Nightrider(N): A Rider along a straight line on squares lying a Knight`s move away from each other.

Locust (L): moves on Q-lines but only by capturing an enemy unit, arriving on the square immediately beyond that unit, which must be vacant.


No.249 Julia Vysotska
Latvia
original-08.02.2013
 
249-h#2,5-jv
h#2,5         b) +black Pd4     (1+3+3n)
Nightrider h1
Locust d7
 
 
Solution: (click to show/hide)
 

30 Responses to No.249 (JV)

  1. Petko A.PetkovPetko A.Petkov says:

    No.249 Julia Vysotska
    A very surprising interpretation of Zilahi-theme with neutral pieces! Excellent pin-mates! In this manner it is possible to compose many other interesting problems with similar thematic elements! .

  2. Seetharamanseetharaman says:

    Nicely matched solutions. Excellent demonstration of pinning by Locust! Great !

  3. Nikola Predrag says:

    If this reciprocal mechanism (sacrifice + selfpin of the mating neutral piece on a Locust-line) is indeed original, I will remember it as “Julia’s mechanism”. A wonderful and widely usable idea!

    Still, I would prefer a most economical realization with model mates, without Pawns. For the thematic mechanism, the extension to 2,5 moves is not essential. h#2 with nRb6 and nBe4 would be thematically sufficient..

    6 pieces in total would give 2 model-mate-solutions in h#2 if nQ could be used instead of nB.

    • JuliaJulia says:

      I had an h#2 version, but also with twins and 7 pieces:
      100165.png
      h#2; b) bPe4; 1+3+3n
      Locust e7
      a) 1.Qc1-c4 nBf4-e5 + 2.nLe7*e5-e4 nRc6*c4 #
      b) 1.Qc1-e3 nRc6-d6 + 2.nLe7*d6-c5 nBf4*e3 #
      Now I have to think what your change of nB to nQ can give….
      Thanks!

  4. Georgy EvseevGeorgy Evseev says:

    I tried to remove things which I do not like in this problem.

    The result is:

    White Kh8
    Black Kd3 Qa2 Sd6
    Neutral Qg2 LOa4
    h#2

    I. 1.Sc4 LOnxc4-d4+ 2.Qad2 Qnxd2#
    II. 1.Qb3 LOnxb3-c2+ 2.Se4 Qnxe4#

    The loss of Zilahi was not intended)), but I was not able to keep it when removing bpc3 (absolutely not needed in a).

    • JuliaJulia says:

      Thanks!
      I think this is a bit different kind of this idea. Of course, more economical. But the same time my version seems to me thematically more complicated, and I regret about losing Zilahi in your version (for just 1 pawn?).

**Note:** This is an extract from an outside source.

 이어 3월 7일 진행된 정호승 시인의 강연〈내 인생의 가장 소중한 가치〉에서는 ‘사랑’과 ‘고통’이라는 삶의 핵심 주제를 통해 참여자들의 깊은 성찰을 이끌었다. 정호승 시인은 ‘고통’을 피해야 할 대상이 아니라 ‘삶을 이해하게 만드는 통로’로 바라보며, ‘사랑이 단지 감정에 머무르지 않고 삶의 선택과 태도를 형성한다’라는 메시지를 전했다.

      • Georgy EvseevGeorgy Evseev says:

        The problem with this pawn is that is has no function at all. In a sense it is a “hidden” zero-position or double change twin.

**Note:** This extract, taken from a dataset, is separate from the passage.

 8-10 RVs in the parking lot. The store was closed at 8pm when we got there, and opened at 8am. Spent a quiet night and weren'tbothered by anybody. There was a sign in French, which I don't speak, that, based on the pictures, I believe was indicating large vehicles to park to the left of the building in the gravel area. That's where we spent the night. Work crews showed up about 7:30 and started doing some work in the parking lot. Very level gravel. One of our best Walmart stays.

    • Nikola Predrag says:

      Georgy, several years ago I made a cycle of black sacrifices with your scheme, but since I had already published a similar miniature without neutral pieces, I didn’t think that the version with nQ should be published. Admittedly, I tried to use nQ to prevent cooks, without noticing the pin 🙁

      White Kg8 Lh5; Black Nd7 Bf6 Kc4 Sf4; Neutral Qh3; h#2, 3.1…
      1.Sd5 Lxd5-c5+ 2.Bc3 nQxc3#
      1.Be5 Lxe5-d5+ 2.Nb3 nQxb3#
      1.Nc5 Lxc5-b5+ 2.Sd3 nQxd3#

      Zilahi can be preserved in Julia’s problem by using bN. I did not try with some orthodox piece.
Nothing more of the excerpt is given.